Looking Back

17:03


Peringatan : ditulis dalam broken English


So, I finished reading almost all of this blog until the very first post. And I feels like I ride a time machine to my high school life, which is 8 years ago. And now I feel extremely melancholic.

That was amazing experienced. I never binge reading this silly blog before, and I'm glad I did. The first post was posted on June 2010. I remember I created this blog because my friends, the "Berenam" are create a blog as a personal journal. And yes, I join the party. I'm amazed that I manage to post a lot of writing. Yes, 90% of it contain only my rant about my suck-high school-life, and some of life questions from a teenager point of view.

It's amazing to read something that I wrote years ago. I mean, it was written by me, but not me right now. The younger version of myself. And when I read it back, at some post I remember clearly how I feel when I posted that, and I have blurry memories for the rest. So it's like I read something that written by someone else who's deeply connected with me, with similar mind but slightly different.

From my spiritual time machine journey, I could draw a conclusion that everything changes but stay the same at the same time. I look at my younger self from all the post in here that I used to be angsty teenager who's angry at the world. I get angry easily and have the urge to expressed my emotions right away. Someone makes me angry, I would write it down. Someone makes me sad, I would write it down. I expressed myself freely. And now I can't even do that. I think everything because my emotions growing to be more complicated things. Angry becomes not just as simple as "angry". Sad is not just "sad". Without write down my emotions, I could analyze it and find the answer by myself. Like, why am I angry? What makes me angry? Why I have to be angry. The self reflection become more complicated than just to vent my feelings. And now I could find the answer without need to write down everything. I know why I'm sad. I know why I feel angry.

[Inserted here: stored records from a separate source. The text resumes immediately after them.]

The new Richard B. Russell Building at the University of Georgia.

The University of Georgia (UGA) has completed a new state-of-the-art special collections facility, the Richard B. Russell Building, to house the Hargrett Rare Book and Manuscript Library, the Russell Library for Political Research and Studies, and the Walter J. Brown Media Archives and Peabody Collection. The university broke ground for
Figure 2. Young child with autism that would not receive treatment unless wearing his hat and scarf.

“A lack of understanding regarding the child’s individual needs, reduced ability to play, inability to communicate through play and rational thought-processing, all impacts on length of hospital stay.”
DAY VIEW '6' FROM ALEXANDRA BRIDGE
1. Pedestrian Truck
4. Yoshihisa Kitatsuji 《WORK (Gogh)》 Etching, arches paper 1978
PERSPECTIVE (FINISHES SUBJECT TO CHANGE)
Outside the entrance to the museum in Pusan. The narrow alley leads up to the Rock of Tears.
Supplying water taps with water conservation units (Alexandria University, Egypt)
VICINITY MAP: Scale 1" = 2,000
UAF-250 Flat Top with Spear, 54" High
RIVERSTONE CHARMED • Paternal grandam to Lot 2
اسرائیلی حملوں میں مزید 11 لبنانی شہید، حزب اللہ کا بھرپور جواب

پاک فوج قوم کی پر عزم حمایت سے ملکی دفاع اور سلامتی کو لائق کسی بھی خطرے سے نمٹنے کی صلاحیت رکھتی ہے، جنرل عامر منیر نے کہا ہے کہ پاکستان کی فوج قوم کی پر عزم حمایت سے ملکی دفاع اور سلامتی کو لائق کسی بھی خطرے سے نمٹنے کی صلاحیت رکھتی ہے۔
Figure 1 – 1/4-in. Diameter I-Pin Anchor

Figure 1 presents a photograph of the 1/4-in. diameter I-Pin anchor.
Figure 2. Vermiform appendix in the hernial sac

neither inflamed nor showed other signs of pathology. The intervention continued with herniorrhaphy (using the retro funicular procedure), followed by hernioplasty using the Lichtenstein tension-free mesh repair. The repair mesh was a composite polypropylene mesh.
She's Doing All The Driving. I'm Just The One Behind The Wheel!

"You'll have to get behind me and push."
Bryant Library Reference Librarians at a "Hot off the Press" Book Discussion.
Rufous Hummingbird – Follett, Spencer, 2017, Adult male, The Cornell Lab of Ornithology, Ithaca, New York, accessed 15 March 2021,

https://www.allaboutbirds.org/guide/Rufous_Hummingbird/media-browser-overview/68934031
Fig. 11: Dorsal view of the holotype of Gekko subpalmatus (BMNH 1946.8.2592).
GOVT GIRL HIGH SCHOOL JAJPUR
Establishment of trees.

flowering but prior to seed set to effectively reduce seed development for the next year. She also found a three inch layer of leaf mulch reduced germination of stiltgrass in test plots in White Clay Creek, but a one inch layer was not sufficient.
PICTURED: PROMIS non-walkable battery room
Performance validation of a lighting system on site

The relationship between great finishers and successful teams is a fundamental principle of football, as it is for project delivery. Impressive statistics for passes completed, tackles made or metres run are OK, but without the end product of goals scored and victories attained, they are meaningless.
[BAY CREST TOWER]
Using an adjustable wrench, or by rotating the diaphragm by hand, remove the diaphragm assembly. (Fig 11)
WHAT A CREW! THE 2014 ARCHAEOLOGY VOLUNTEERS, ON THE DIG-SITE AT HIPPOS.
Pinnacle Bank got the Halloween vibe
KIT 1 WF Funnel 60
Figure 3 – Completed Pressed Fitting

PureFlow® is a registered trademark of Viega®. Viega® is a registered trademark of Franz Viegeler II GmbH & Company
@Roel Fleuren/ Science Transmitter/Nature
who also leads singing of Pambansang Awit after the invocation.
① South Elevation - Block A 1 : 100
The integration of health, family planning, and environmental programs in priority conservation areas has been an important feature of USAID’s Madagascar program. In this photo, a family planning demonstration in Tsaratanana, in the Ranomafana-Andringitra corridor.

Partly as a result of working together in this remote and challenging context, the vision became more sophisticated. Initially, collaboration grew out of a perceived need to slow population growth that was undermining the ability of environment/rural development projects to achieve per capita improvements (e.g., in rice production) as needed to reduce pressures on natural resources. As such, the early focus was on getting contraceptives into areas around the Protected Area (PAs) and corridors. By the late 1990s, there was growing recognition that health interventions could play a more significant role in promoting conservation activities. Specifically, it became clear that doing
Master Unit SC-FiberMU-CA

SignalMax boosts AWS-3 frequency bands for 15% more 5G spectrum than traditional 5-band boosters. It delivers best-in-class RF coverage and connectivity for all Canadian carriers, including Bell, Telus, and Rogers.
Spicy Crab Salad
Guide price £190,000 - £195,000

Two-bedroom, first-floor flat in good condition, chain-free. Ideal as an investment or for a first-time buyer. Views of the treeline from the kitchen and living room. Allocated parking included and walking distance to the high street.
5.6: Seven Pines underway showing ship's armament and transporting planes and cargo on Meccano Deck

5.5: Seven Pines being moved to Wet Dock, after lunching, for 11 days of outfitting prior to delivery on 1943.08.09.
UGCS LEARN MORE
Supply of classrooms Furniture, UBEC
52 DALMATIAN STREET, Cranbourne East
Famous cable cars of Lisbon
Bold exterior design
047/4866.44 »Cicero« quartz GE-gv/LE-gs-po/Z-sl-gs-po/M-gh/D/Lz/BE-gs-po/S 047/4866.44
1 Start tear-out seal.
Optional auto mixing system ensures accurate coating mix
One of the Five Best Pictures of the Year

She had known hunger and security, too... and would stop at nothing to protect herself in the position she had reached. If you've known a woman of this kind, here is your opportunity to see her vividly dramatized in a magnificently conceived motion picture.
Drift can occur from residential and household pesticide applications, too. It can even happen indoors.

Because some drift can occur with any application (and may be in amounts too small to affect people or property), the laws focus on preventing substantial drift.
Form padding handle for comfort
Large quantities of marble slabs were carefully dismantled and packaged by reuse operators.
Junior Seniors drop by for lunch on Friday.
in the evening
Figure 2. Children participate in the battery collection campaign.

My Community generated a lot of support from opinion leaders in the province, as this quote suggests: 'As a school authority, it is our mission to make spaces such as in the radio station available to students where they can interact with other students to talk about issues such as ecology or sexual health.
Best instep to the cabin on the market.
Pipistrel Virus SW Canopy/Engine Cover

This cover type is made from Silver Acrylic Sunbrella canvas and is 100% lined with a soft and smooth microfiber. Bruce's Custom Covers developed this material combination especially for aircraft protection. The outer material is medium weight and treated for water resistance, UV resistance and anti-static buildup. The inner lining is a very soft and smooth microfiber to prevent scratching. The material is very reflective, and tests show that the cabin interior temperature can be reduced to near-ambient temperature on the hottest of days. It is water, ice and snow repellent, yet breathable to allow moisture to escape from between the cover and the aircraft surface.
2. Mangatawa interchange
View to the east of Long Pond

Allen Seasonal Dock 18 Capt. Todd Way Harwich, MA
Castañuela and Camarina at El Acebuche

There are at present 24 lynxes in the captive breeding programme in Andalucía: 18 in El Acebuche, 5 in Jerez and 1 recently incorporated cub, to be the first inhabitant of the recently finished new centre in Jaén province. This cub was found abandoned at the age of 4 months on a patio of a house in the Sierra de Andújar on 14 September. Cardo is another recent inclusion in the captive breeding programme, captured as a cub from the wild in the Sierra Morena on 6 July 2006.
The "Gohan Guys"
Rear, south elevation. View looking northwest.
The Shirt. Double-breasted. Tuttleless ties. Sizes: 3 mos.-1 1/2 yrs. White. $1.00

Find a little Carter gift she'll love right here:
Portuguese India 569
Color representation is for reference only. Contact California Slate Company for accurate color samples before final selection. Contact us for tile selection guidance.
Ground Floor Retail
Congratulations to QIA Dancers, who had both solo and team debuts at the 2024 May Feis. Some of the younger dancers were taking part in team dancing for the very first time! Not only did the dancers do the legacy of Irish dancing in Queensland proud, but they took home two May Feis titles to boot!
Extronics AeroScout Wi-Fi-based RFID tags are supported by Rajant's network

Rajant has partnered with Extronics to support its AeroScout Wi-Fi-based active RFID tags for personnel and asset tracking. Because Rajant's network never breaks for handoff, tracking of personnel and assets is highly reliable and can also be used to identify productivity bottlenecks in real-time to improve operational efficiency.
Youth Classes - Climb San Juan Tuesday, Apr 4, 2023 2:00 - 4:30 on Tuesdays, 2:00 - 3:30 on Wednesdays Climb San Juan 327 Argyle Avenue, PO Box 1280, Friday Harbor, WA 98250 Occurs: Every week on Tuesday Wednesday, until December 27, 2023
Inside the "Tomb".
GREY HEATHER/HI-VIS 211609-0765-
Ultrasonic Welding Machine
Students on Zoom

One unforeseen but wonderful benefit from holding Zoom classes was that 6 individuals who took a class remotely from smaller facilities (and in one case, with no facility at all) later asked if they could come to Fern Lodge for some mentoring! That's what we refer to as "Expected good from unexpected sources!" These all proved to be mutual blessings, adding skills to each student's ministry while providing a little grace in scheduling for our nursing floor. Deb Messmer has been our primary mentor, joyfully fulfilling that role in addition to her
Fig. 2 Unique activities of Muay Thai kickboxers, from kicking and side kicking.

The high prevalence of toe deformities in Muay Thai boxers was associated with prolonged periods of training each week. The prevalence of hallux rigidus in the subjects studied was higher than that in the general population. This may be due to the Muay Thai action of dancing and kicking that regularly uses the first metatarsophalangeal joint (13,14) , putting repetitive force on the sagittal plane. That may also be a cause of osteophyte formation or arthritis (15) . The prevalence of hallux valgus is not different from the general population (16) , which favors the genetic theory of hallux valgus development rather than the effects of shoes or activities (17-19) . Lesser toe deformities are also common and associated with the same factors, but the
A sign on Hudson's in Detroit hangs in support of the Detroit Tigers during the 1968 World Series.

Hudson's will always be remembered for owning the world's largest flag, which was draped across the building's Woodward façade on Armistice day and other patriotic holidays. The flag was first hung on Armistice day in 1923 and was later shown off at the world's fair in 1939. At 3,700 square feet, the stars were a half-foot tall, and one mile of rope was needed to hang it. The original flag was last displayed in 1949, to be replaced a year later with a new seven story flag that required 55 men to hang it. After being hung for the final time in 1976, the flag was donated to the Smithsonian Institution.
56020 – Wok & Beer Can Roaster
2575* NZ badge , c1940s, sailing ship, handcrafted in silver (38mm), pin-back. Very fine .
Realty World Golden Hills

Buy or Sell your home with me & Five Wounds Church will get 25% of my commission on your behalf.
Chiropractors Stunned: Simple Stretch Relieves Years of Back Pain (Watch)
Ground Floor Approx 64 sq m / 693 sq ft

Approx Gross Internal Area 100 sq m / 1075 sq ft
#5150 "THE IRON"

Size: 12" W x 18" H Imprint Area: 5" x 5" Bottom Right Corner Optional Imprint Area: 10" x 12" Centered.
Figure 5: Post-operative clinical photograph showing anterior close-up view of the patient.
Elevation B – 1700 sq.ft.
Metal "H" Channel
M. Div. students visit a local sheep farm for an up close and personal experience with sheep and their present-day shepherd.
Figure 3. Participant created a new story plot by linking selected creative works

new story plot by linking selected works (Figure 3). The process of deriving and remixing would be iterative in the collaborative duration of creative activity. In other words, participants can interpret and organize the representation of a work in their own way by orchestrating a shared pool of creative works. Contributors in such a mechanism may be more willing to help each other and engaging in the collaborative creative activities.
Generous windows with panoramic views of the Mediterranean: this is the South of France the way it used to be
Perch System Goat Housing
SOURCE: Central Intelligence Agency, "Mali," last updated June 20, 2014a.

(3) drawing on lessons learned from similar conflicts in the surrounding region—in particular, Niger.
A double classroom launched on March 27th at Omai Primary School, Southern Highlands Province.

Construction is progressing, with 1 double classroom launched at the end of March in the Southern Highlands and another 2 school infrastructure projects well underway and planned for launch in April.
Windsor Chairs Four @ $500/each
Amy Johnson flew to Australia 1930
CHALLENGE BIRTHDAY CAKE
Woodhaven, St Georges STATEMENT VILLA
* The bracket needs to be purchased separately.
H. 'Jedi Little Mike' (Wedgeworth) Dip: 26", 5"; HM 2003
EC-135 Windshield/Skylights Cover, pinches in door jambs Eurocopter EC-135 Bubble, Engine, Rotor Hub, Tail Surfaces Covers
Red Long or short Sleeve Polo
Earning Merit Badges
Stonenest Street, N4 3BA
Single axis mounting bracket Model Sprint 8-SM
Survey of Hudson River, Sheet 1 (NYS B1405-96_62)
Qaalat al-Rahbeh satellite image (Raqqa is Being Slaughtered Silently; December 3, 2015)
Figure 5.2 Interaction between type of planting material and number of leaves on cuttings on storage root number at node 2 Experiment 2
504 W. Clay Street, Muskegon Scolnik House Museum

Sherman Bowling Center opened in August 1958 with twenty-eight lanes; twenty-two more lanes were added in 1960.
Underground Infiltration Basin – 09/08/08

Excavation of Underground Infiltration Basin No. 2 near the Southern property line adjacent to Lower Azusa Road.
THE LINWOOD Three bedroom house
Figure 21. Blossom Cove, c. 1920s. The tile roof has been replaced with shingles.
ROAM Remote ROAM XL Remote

And yes, after read everything over again, now I know and figure out a lot of things that I questioned when I was younger. Yes it's really cringey at some points but hey let's face it. That's how teenagers life. I questioned a lot about sexual thing, like I was experimented with condom before because I really clueless about what that is- like-eww (okay this experiment happened when I was in middle school, and I rewrite about that in here two years after that.). I talk  sometimes about women and virginity because at that time I met people who take too much time to intervene other people's sexual life, and sadly 8 years later nothing changes and those kind of peoples still exist. And I'm glad I still on this side until now.I'm not change into a heartless and mindless person who takes time to critic other people's way of copulating. Please, why can't people criticize those rubbish tv shows instead of other people's life?

I questioned about my friends, my family, and now I get the answer. Everything changes and I was so naive. People come and go in our life, and it's inevitable. I get the answer that be separated from our closest friends is not always  because we hate each other. It's just happens. Because you have different schedule, different life, different job. And mostly because our mind growing differently. And there's nothing wrong with it. It's life, and even it hurts to admit, but that's life and we are alone in this life. Even though you have husband or family or anyone, in the end you are on your own. My father, technically he's my family, my parents, my father but he's dead and leaving our tiny family. Having a family doesn't mean you have the same path with them. you just walk in this life together, but you have different jogging track.

I questioned about life, and I still haven't figure it out until now. About where my 'jogging track' would lead me? What would happend? What am I doing with my life? I still haven't figure it out in these past 8 years. I still stuck with the same gloomy loneliness feeling. Depressed and unmotivated human being. And it getting worse, I have to say that.

The thing is I realized that I'm getting bitter. I'm become more pessimistic in life. I read earlier that I used to hope for the best from everything at least. But now I don't even hope. I just walk and walk and walk without knowing what would happend next. I'm clueless. Oh well.